**PROBLEM:**
A verbatim transcript of the data below is required, images omitted.
***** DATASET EXCERPT
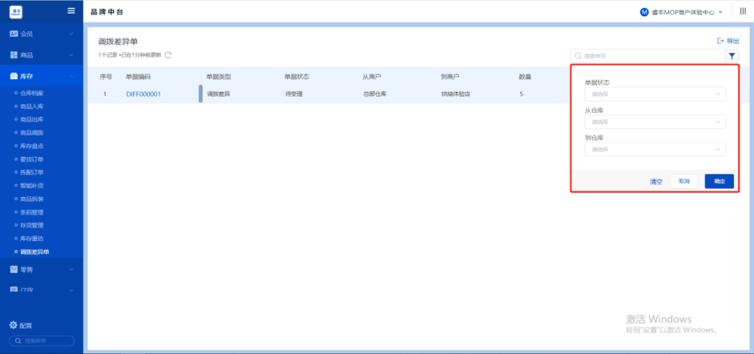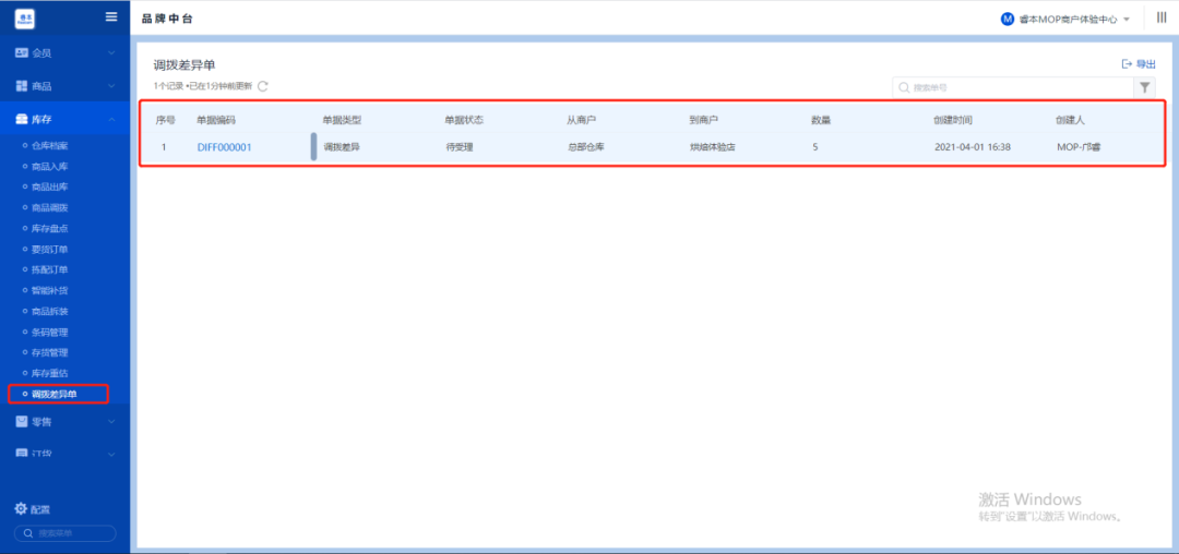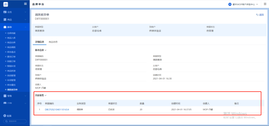 06 新增调拨差异单模块 当收货完成时,调拨收货数量少于发货数量 系统生成对应的差异单 支持查看及受理
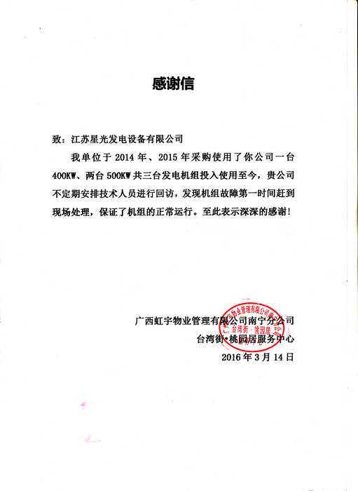2016年3月14日,我公司收到廣西虹宇物業(yè)管理有限公司南寧分公司的感謝信,其對(duì)我公司提供的一臺(tái)400KW發(fā)電機(jī)、兩臺(tái)500KW發(fā)電機(jī)組三臺(tái)柴油發(fā)電機(jī)組的使用及完善的發(fā)電機(jī)售后服務(wù)表示滿意,我公司深感榮幸,今后一定更加不懈努力,以更加優(yōu)質(zhì)的產(chǎn)品以及更好的售后服務(wù),贏得更多用戶的肯定。以下是感謝信掃描件:
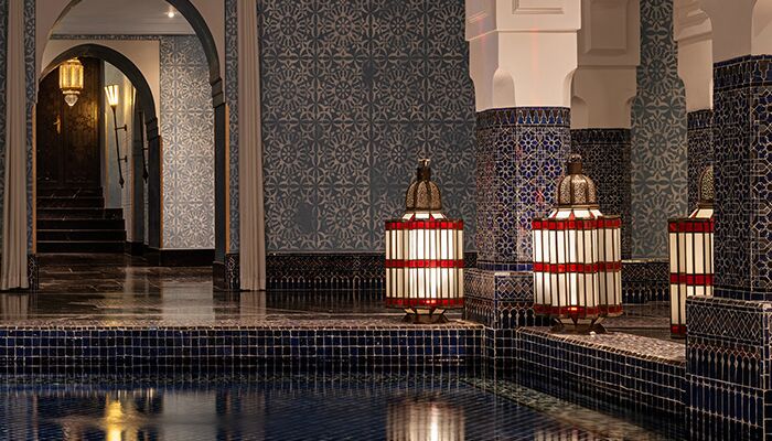 Folgen Sie der Treppe und lassen Sie sich vom Hell-Dunkel-Effekt der Laternen zum Spa von La Mamounia führen. Das Spa im La Mamounia ist ein wahres Heiligtum, das der Schönheit und dem Wohlbefinden gewidmet ist. Diese riesige Anlage umfasst 2.500 m².
**********
**YOUR RESPONSE:**
 06 新增调拨差异单模块 当收货完成时,调拨收货数量少于发货数量 系统生成对应的差异单 支持查看及受理
2016年3月14日,我公司收到廣西虹宇物業(yè)管理有限公司南寧分公司的感謝信,其對(duì)我公司提供的一臺(tái)400KW發(fā)電機(jī)、兩臺(tái)500KW發(fā)電機(jī)組三臺(tái)柴油發(fā)電機(jī)組的使用及完善的發(fā)電機(jī)售后服務(wù)表示滿意,我公司深感榮幸,今后一定更加不懈努力,以更加優(yōu)質(zhì)的產(chǎn)品以及更好的售后服務(wù),贏得更多用戶的肯定。以下是感謝信掃描件:
 Folgen Sie der Treppe und lassen Sie sich vom Hell-Dunkel-Effekt der Laternen zum Spa von La Mamounia führen. Das Spa im La Mamounia ist ein wahres Heiligtum, das der Schönheit und dem Wohlbefinden gewidmet ist. Diese riesige Anlage umfasst 2.500 m².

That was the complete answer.